|Subject: W Timor Militias Try To Take
Control Of Border Region
Associated Press August 23, 2000
W Timor Militias Try To Take Control Of Border Region
JAKARTA (AP)--Anti-independence militia fighters have set up roadblocks in Indonesian-controlled West Timor and are trying to take control of the border region with neighboring East Timor, a U.N. official said Wednesday.
United Nations High Commissioner for Refugees spokesman Jake Morland said the situation was now very tense in the region and he accused Indonesia's military of doing nothing to stop the militia gangs.
He said the four roadblocks had been set up between the town of Atambua and the nearby border with East Timor and the militiamen were preventing East Timorese refugees trying to return home from traveling along the road.
"They are trying to control the border area on their side," he said in a phone interview from West Timor. "Indonesia's military is fully capable of moving them but has done nothing."
Indonesian military officials in West Timor couldn't be reached for comment.
Morland said that three UNHCR staff were badly beaten Tuesday by militiamen while trying to distribute relief supplies to a refugee camp, about 60 miles west of the border.
He said gang members attacked the staff with machetes and sticks.
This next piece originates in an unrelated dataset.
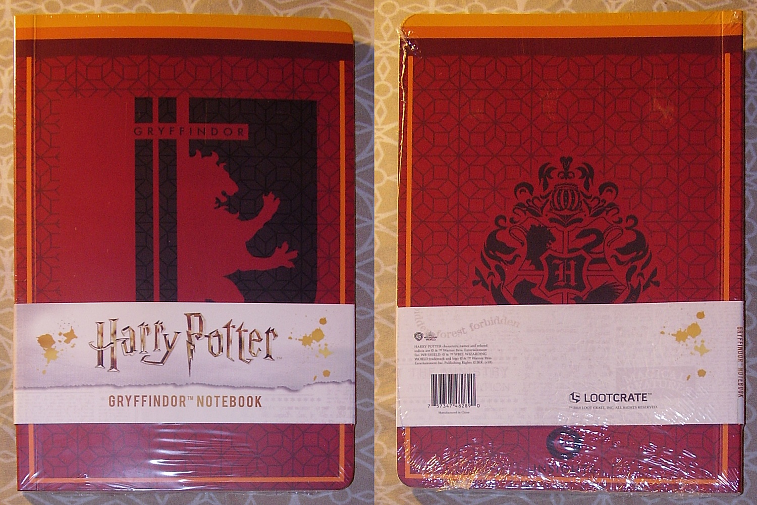 Harry Potter Gryffindor Notebook - A 5.25" x 8" book with a 2018 copyright date sealed in plastic. The blood red cover has the silhouette of a griffin, while the Gryffindor crest is on the back.
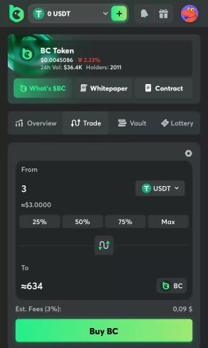 3) في المحفظة، ابحث عن علامة التبويب تداول.==]هنا، يمكنك التحقق من العملات الرقمية المتاحة وأسعار صرفها للشراء.

Two of them escaped after being beaten while a third staff member was captured and taken to a nearby rice paddy and had his head held under water. He later managed to escape with the help of some refugees.
Clashes between pro-Indonesia groups and U.N. peacekeepers in East Timor have become more frequent recently and there is growing speculation that sections of Indonesia's military have been arming and training the gangs.
Two U.N. peacekeepers have been killed and four others wounded in fighting so far. Several militiamen have also been killed.
The United Nations has complained repeatedly that militiamen are using West Timor as a base for border incursions.
East Timor voted for independence last Aug. 30 in a U.N.-sponsored ballot. Afterward, tens of thousands of people fled their homes when pro-Indonesia militiamen reacted by going on a violent rampage.
The violence ended when international forces landed in the territory in September. Most refugees have since returned home, but about 80,000 - mainly militiamen and their families - remain in camps in West Timor.